The researchers reported that their work uncovers a previously unknown role for MDGA2 in regulating BDNF/TrkB signaling, which is essential for maintaining normal excitatory neuronal activity. They found that when MDGA2 levels are deficient, BDNF/TrkB signaling becomes abnormally overactive, increasing excitatory neuronal activity and ultimately producing autism spectrum disorder (ASD)-like behaviors in mice.
Funding: This work was supported by grants from the National Natural Science Foundation of China (82001442 to DZ, 82130039 and U21A20361 to Y.-wZ) and the China Postdoctoral Science Foundation (2020M671948 to DZ and 2022M725 to Y.2.2022). The authors noted that the funding sources had no role in the study’s design, data collection or analysis, the decision to publish, or the preparation of the manuscript.
Abstract
MDGA2This deficiency leads to abnormal activity of BDNF/TrkB signaling, which underlies autism-related synaptic and behavioral changes in mice.
Memprin/A5/mu (MAM) domain-containing glycosylphosphatidylinositol anchor 2 (MDGA2) is an excitatory synaptic suppressor and mutations in it are associated with autism spectrum disorder (ASD). However, the detailed physiological function of MDGA2 and the mechanisms underlying ASD caused by MDGA2 deficiency remain to be elucidated. In this work, we not only confirmed that Mdga2 +/− mice exhibit impaired excitatory synaptic transmission and ASD-like behavior, but we also observed dysfunctional activity of brain-derived neurotrophic factor/tyrosine kinase B (BDNF/TrkB) signaling in these mice.

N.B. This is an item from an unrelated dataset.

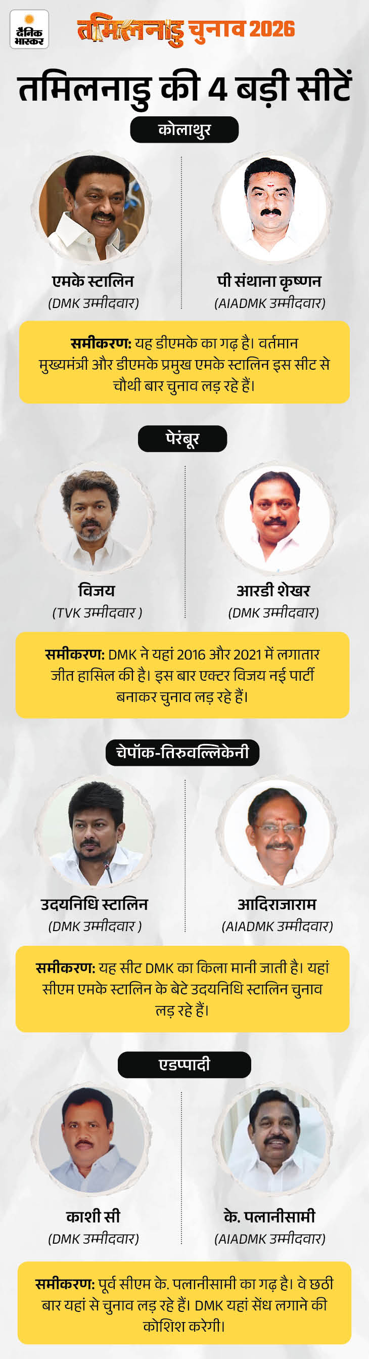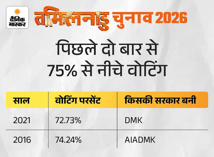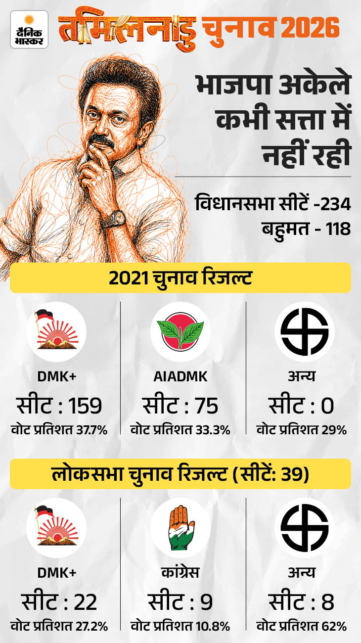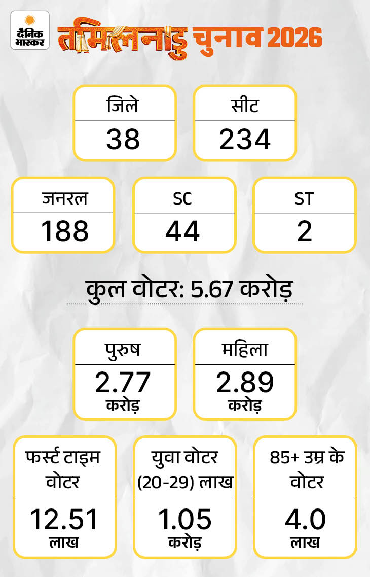 तमिलनाडु में DMK+ कांग्रेस और AIADMK+ BJP के बीच मुकाबला है। तमिल एक्टर थलापति विजय की नई पार्टी TVK इस लड़ाई को त्रिकोणीय बना रही है।

We show that MDGA2 interacts with TrkB through its memprin/A5/mu domain, thereby antagonizing BDNF binding to TrkB. Loss of MDGA2 and the ASD-associated V930I mutation of MDGA2 promote BDNF/TrkB signaling. The researchers demonstrated that blocking BDNF/TrkB signaling either with a small-molecule compound or an MDGA2-derived peptide could counteract the abnormal effects seen in MDGA2-deficient mice. These mice typically showed changes in social behavior driven by altered AMPA receptor activity, including both reduced and excessive social interactions.
By inhibiting this overactive signaling pathway, the treatments helped restore more balanced social activity. This finding not only sheds light on the molecular mechanisms linking MDGA2 deficiency to behavioral changes but also points to a potential therapeutic strategy for addressing autism-like symptoms.
These findings reveal a previously unknown MDGA2–BDNF/TrkB dependent pathway that plays a key role in regulating synaptic function. By uncovering this mechanism, the study points to a promising new avenue for developing targeted therapies for autism spectrum disorder (ASD).